В этом смысле стоит по достоинству оценить способности Лоры, которой удалось довести в общем-то неплохого аналитика до состояния, в котором он обрывает ей телефон, бросается бежать к ней домой, рвет ручку ее двери, пытаясь во что бы то ни стало сократить дистанцию вместо того, чтобы продолжать ее удерживать и ни в коем случае не приближаться, учитывая сказанное Фрейдом о переносе и общем характере анализа истерии. Тем не менее, как мы видим, Линднер оказывается заражен той педагогической повесткой, на которой все это время в анализе настаивала Лора. Собственно, поэтому Фрейд в работе о любви в переносе указывает, что попытки истерички сблизиться нельзя трактовать буквально, за ними стоят совершенно иные процессы, имеющие агрессивный характер.

Таким образом, хотя Лора ничего не говорит о “черноте” или “заразе” и этого мотива нет в ее анамнезе, тем не менее заражение пронизывает ее отношения с аналитиком на том же уровне, на котором Месмер описывает действие флюида: она “заражает” Линднера, соблазняя его продемонстрировать нечто вроде самоотверженного признания своих душевных порывов, призывает его совершить бросок в чувственные переживания, которые должны, по всей видимости, превратить его из сухого аналитика в существо, больше подходящее под нужды истерички. Т.е. перед нами классическая революция личности в том виде, в котором ее сегодня предлагают в музыке, фильмах и других продуктах культуры – это всегда переизбыток чувств, взрыв которых все меняет.


2. Ребенок Майка

Следует сказать, что именно так сегодня выглядит развитая истерия: в отличие от фрейдовской эпохи, где она представлена довольно демонстративными и яркими симптомами, чаще всего в форме телесной конверсии, дальнейшее развитие истеризации смещает симптоматику на речь и способы воздействия речью.
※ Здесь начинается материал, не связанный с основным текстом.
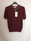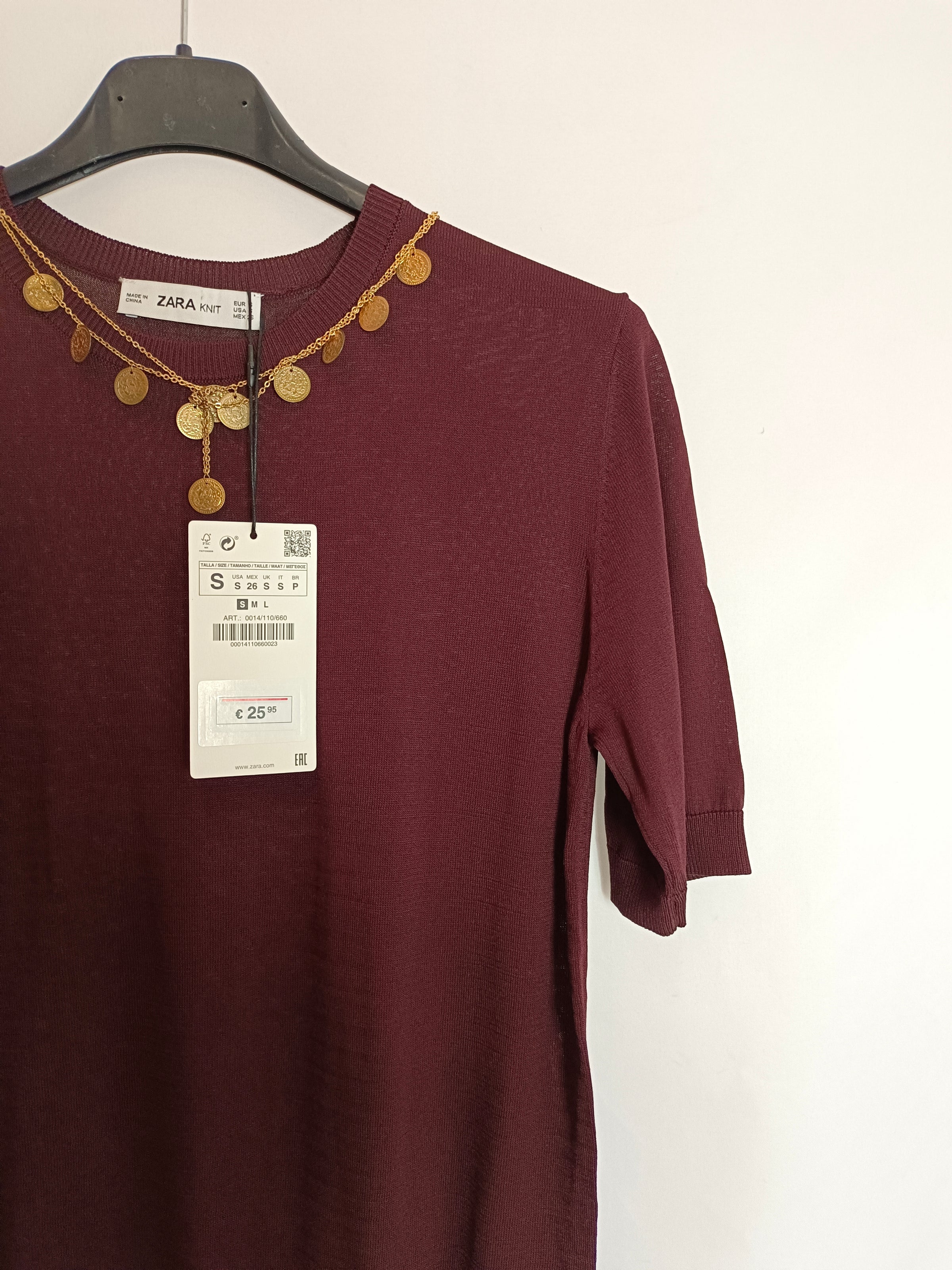 NUEVO CON ETIQUETA. top de punto burdeos con detalle de collar de monedas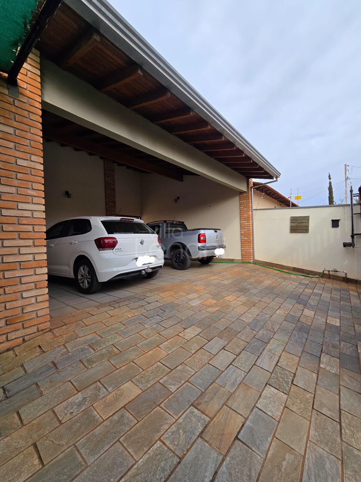 Garagem coberta para dois veículos grandes.

То, что в случае неразвитой истерии действует как флюид, в развитой действует как речь, так как речь оказывается удобным аналогом флюида благодаря способности “заражать”. Собственно, отсюда проистекает ответ на популярный вопрос о том, кто же сегодня приводит истеричку в анализ? – многим кажется, что должна сохраняться ситуация времен начала анализа, когда девушек приводили их отцы. Тем не менее из практики очевидно, что современный этап развития наделяет истеричку гораздо большей самостоятельностью в этих вопросах, вплоть до того, что она сама в анализ и приходит, чтобы взять шефство над аналитиком и получить от него то признание, на которое она в связи со своей особой позицией претендует.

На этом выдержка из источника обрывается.